2. That was how many years ago? For sanity's sake, there's got to be some kind of statute of limitation on these things. Let it go.*
(* I say this, yet know it won't happen, because if there's one thing humans are good at besides making tools and filling up the planet, it's holding grudges. People all over said planet are and have been killing each other for hundreds if not thousands of years while shouting, "he started it!")
.. and what better chance for reconciliation, than to know you now share common interests with someone who used to torment you, and you might have the chance to make an enemy out of a friend? It's not as if there aren't bullies even within "Real X subculture". A profoundly aggravating memory from my time playing serious chess is that people would use your ability at chess as a social yardstick. Like I get if two top end players want to go over a game at a level I can't understand without being disturbed, but just because you're two classes higher rated than me, that doesn't mean that my opinions about politics or literature or other unrelated topics are automatically meritless.
However, I stand by my claim that there is a useful definition of a "fake gamer" as detailed above, and it isn't about how deep your passion goes, but whether or not you're pretending to have one for an ulterior motive. Or to steal from Fight Club, you don't have to have giant-ass man-boobs like Robert Paulsen to hang around Men Remaining Men, but I'll damn sure call out Tyler and Marla for what they are.
who are you calling out
can you give an example, Grand Inquisitor?
I mean, if it's this pervasive a problem that you feel the need to stamp your feet and say NO MORE, then you should be able to illustrate an example of this, no?
Not some kind of generic "the sort of people who..."
You're on the internet. Provide links.
The only way I could care about the fake geek girl thing (or fake geek boy) is if they were using it to gain some personal advantage through duplicity. I think everyone could imagine a scenario where someone feigned interest in something to get what they wanted, be that gaming, sports or what have you. Now, people I didn't like in high school now enjoying the things I enjoyed back then? Hey, that's just more targets to shoot / chop at online.
I'm a little dubious on those who have portal shirts, plushies and endlessly recite lines - but that certainly doesn't diminish my hobby in any way.
Not just girls in this case, but right. As to @A Very Perturbed Marmoset, what does feeling like carpetbaggers are swarming your hobbies have to do with being a jerk to the newcomers? Nobody is making you interact with the "fake" geeks, so I don't understand what the problem is for people.
Do you deny that there exist people who feign interest in a hobby (while actually having none) for ulterior motives such as fame or financial gain?
Pony can't, apparently.
Where are these people?
You don't get to weasel out of showing examples by saying 'can't you imagine people who do this thing? CAN'T YOU?'
Yeah it turns out that stereotype exists in vast numbers.

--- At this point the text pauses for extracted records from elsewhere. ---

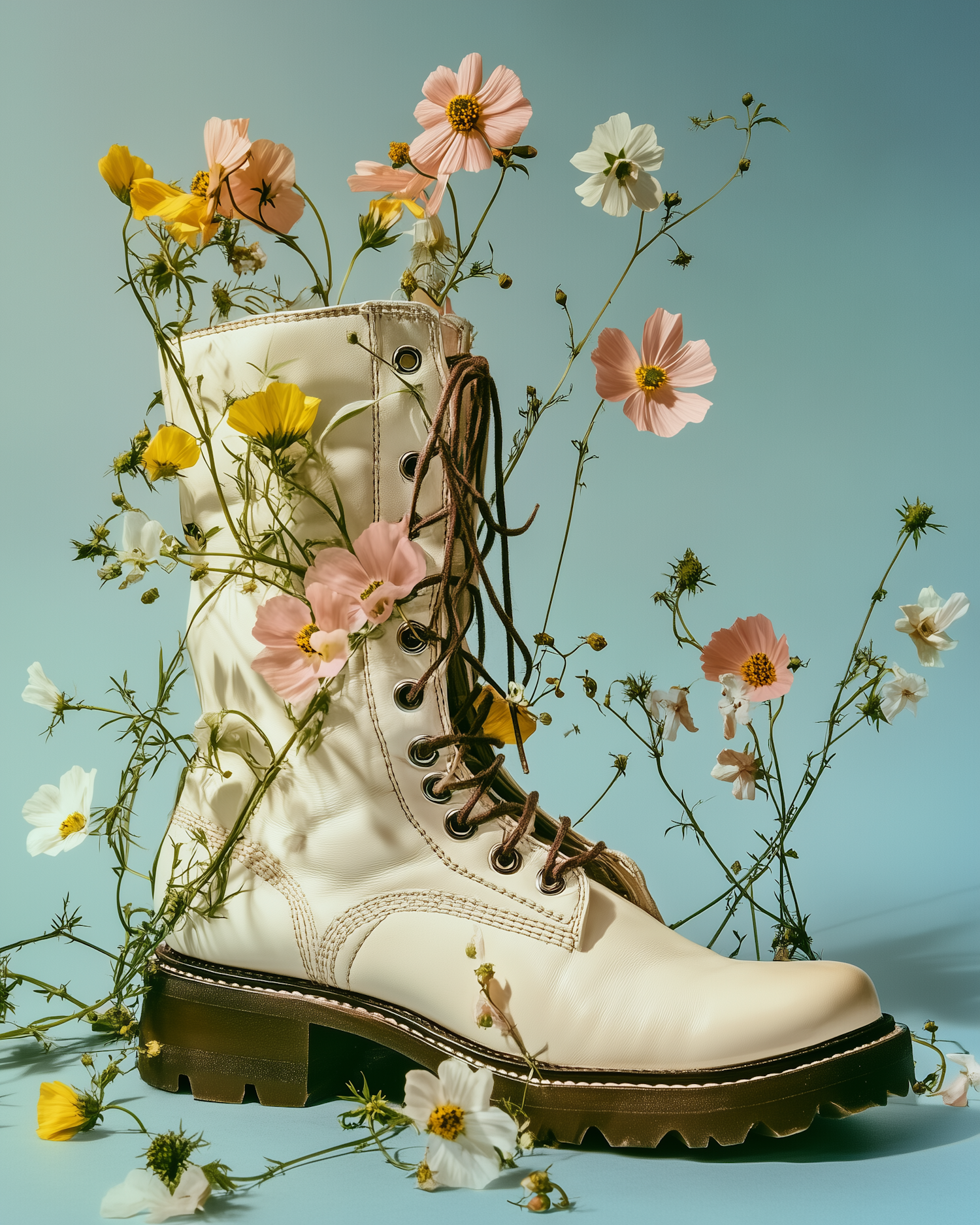 Cream combat boot with wildflowers in pink, yellow, and white against a blue background, blending rugged and delicate aesthetics.
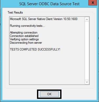 - Select “Test Data Source”. Verify “TESTS COMPLETED SUCCESSFULLY!” appears and select “OK”. Then select “OK” again.
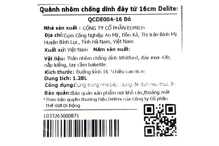 Thông số kỹ thuật Quánh nhôm chống dính nắp kính 16 cm Delites QCDE004-16
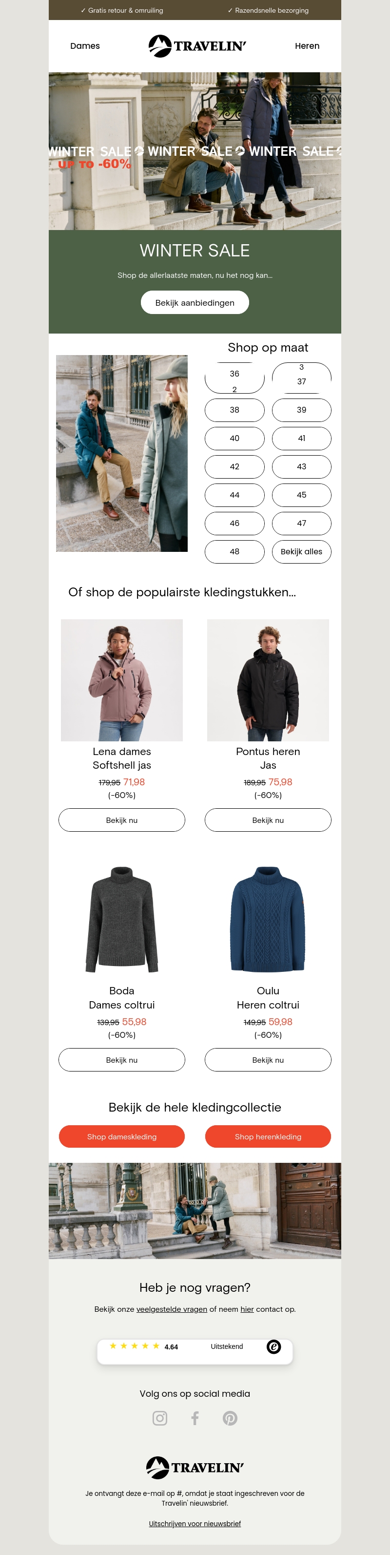 Bekijk de spectaculaire winteraanbiedingen bij Travelin'. Profiteer van kortingen tot 60% op dames- en herenkleding. Of je nu op zoek bent naar stijlvolle jassen of comfortabele truien, er is voor ieder wat wils. Mis deze kans niet om je wintergarderobe voordelig aan te vullen. Bezoek onze site voor meer informatie en om je favoriete stukken te ontdekken.
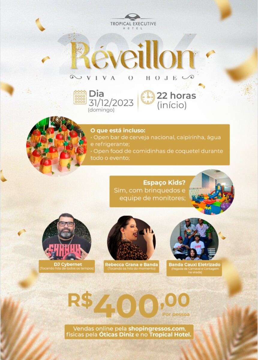 No dia 31 de dezembro, das 22h às 3h, o Hotel Tropical Executive será palco de uma celebração única. O evento oferece um pacote completo para garantir uma noite especial: open bar com cerveja nacional, caipirinha, água e refrigerante, além de um open food com deliciosas comidinhas de coquetel durante toda a festa.
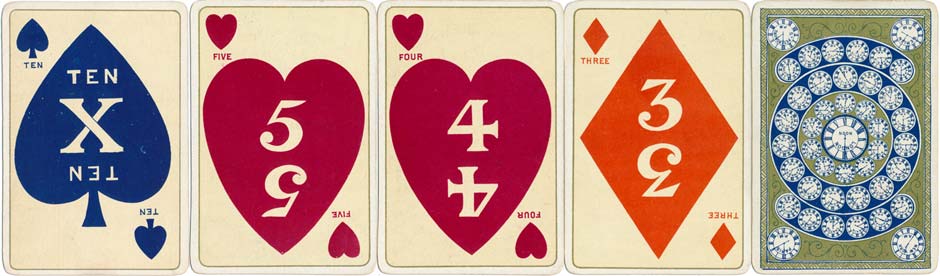 Above: numeral cards from Kimberley's Royal National Patriotic playing cards, second edition c.1893-97. The numeral cards have conventional suit sign sizes and arrangement.

The closest I can think of is shit like booth babes at cons and I'd rather that they weren't used.
But that's not quite the same level of "fake geek" you seem to think exists.
AlphaLackey can't, apparently.
But I don't see that as a problem by any stretch of the imagination.
I don't think I've ever seen people actually fake interest in something... I've seen a lot of people trying way too hard to be interested in something only to find out they aren't really after a few weeks though.
Yes, as do black thieves. But taking the stance of "poor perfect girl gamers that have to deal with mouthbreathers" does not help anyone. If they looked like a Man o War cover the issue would still be there.
On the other hand, I only know a fugly permavirgin neckbeard mouthbreather and he is not a nerd by any stretch of the word. I don't like to put up with toxic stereotypes even if they are directed at people I don't like.